Source records:
▼
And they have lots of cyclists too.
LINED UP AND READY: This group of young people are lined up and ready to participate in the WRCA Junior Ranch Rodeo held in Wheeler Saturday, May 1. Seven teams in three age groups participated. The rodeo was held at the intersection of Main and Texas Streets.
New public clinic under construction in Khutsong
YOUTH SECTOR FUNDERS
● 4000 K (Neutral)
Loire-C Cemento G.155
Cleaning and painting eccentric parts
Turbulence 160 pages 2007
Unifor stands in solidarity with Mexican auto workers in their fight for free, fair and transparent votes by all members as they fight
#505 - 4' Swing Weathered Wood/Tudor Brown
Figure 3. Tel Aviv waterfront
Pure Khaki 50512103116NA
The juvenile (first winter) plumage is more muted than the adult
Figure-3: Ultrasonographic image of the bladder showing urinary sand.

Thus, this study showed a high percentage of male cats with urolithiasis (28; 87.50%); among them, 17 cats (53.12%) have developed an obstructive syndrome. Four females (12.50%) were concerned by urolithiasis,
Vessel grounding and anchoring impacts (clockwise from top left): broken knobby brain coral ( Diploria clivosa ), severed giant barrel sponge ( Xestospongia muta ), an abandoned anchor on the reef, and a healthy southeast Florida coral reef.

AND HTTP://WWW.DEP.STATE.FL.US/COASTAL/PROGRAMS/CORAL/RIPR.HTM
▲
[Exercise objective]
Set down exactly, and only, the lines of the data above from the line containing "Thus, this study" through the last one.

[Answer to the problem]
Thus, this study showed a high percentage of male cats with urolithiasis (28; 87.50%); among them, 17 cats (53.12%) have developed an obstructive syndrome. Four females (12.50%) were concerned by urolithiasis,
Vessel grounding and anchoring impacts (clockwise from top left): broken knobby brain coral ( Diploria clivosa ), severed giant barrel sponge ( Xestospongia muta ), an abandoned anchor on the reef, and a healthy southeast Florida coral reef.

AND HTTP://WWW.DEP.STATE.FL.US/COASTAL/PROGRAMS/CORAL/RIPR.HTM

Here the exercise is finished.